Penambahan armada dilakukan setelah luas lahan terbakar di provinsi tersebut hingga Juni 2026 mencapai sekitar 28.680 hektare, bahkan melampaui luas kebakaran sepanjang 2025 yang tercatat sekitar 26.703 hektare.

Sementara di Kalimantan Tengah, penanganan difokuskan di sejumlah wilayah yang menjadi titik rawan, termasuk Kabupaten Pulang Pisau.

BNPB menyebut luas lahan terdampak karhutla di provinsi tersebut mencapai sekitar 3.069,52 hektare berdasarkan data yang digunakan dalam penanganan.

Penanganan dilakukan secara terpadu dengan melibatkan BNPB, BPBD, TNI, Polri, Manggala Agni, serta unsur terkait lainnya.

Pemerintah juga terus melakukan pemantauan titik panas dan memperkuat kesiapsiagaan untuk mencegah kebakaran berkembang menjadi lebih luas.

Perubahan arah angin dan kondisi cuaca kering menjadi tantangan tersendiri dalam penanganan karhutla.

Api yang belum sepenuhnya padam berpotensi kembali membesar dan menyebarkan asap ke wilayah sekitar.

Meningkatnya aktivitas karhutla tersebut mulai membawa dampak lebih luas terhadap masyarakat.

Selain kualitas udara, asap dari kebakaran di sejumlah wilayah juga berpotensi mengganggu jarak pandang dan aktivitas warga.

Pemerintah mengimbau masyarakat ikut mencegah munculnya titik api baru dengan tidak melakukan pembukaan atau pembersihan lahan menggunakan cara membakar.
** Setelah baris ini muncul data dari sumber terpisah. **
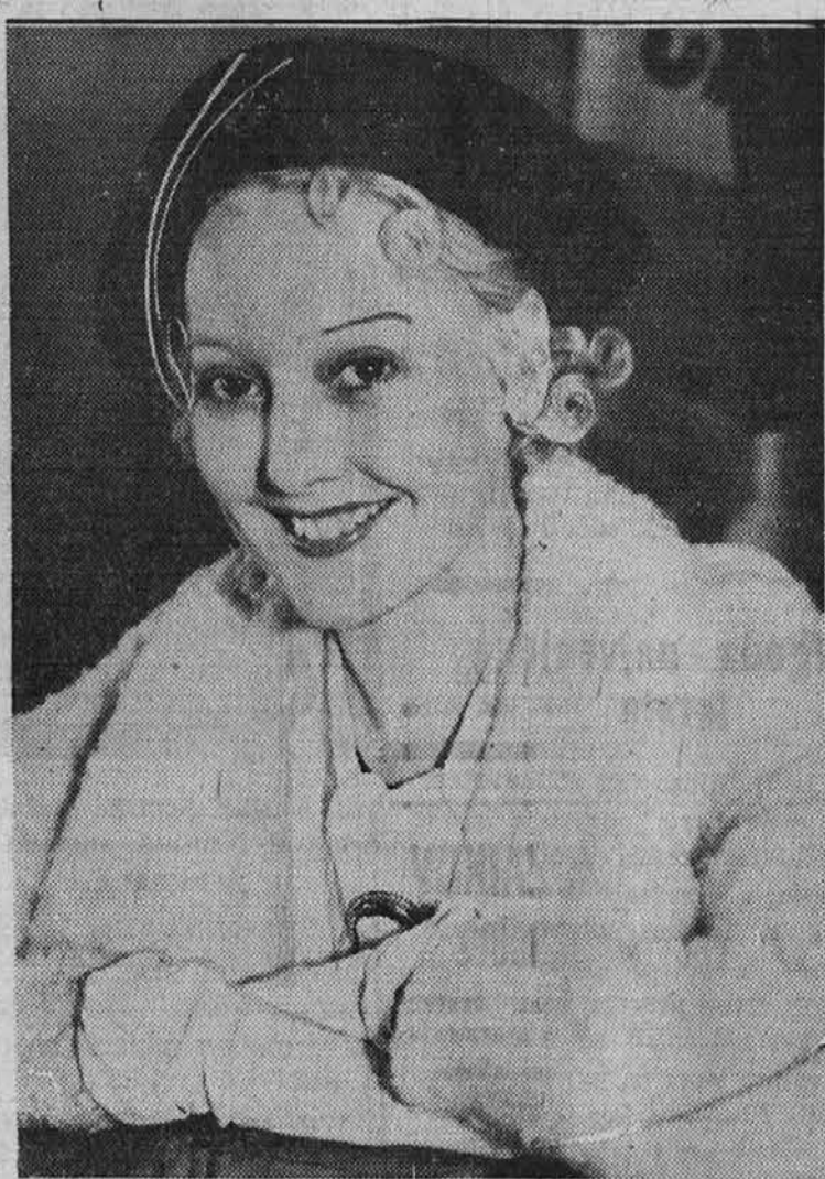
Filmska igralka Thelma Todd, ki so jo našli mrtvo v njenem avtu v ga raži.

Pemantauan dan penanganan dini dinilai penting agar kebakaran dapat dikendalikan sebelum meluas.

Di tengah meningkatnya jumlah titik panas, penanganan karhutla di Kalimantan kini menjadi perhatian bukan hanya karena luas wilayah yang terbakar, tetapi juga karena dampak asap yang mulai dirasakan dalam aktivitas masyarakat sehari-hari.